Start of Data records

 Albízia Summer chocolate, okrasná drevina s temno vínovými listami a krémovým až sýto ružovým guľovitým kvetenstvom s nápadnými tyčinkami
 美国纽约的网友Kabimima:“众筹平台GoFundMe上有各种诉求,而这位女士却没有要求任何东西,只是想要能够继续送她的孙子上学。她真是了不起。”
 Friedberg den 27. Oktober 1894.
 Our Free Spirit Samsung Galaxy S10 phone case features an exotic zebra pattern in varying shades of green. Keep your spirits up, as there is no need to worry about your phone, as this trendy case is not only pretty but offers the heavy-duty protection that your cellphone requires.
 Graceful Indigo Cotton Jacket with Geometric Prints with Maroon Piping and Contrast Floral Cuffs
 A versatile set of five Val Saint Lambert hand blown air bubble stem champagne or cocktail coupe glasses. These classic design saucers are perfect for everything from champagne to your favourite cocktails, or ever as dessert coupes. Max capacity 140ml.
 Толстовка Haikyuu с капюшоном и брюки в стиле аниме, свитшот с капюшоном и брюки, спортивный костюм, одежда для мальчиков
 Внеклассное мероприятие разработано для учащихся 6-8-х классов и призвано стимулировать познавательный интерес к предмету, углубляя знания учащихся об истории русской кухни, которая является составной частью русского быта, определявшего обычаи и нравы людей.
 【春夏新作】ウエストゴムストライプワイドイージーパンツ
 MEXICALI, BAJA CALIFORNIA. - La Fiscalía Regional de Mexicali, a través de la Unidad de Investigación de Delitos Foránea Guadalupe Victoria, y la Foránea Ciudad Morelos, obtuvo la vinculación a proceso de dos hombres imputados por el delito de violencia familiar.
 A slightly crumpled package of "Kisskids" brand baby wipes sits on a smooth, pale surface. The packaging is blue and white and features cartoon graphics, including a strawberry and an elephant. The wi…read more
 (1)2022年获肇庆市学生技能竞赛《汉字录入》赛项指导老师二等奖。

End of Data records

- **What the task asks**
Everything from the line containing "MEXICALI, BAJA CALIFORNIA." through the final line of the listing, inclusive, must be reproduced exactly; leave out the rest.

- **Solution**
 MEXICALI, BAJA CALIFORNIA. - La Fiscalía Regional de Mexicali, a través de la Unidad de Investigación de Delitos Foránea Guadalupe Victoria, y la Foránea Ciudad Morelos, obtuvo la vinculación a proceso de dos hombres imputados por el delito de violencia familiar.
 A slightly crumpled package of "Kisskids" brand baby wipes sits on a smooth, pale surface. The packaging is blue and white and features cartoon graphics, including a strawberry and an elephant. The wi…read more
 (1)2022年获肇庆市学生技能竞赛《汉字录入》赛项指导老师二等奖。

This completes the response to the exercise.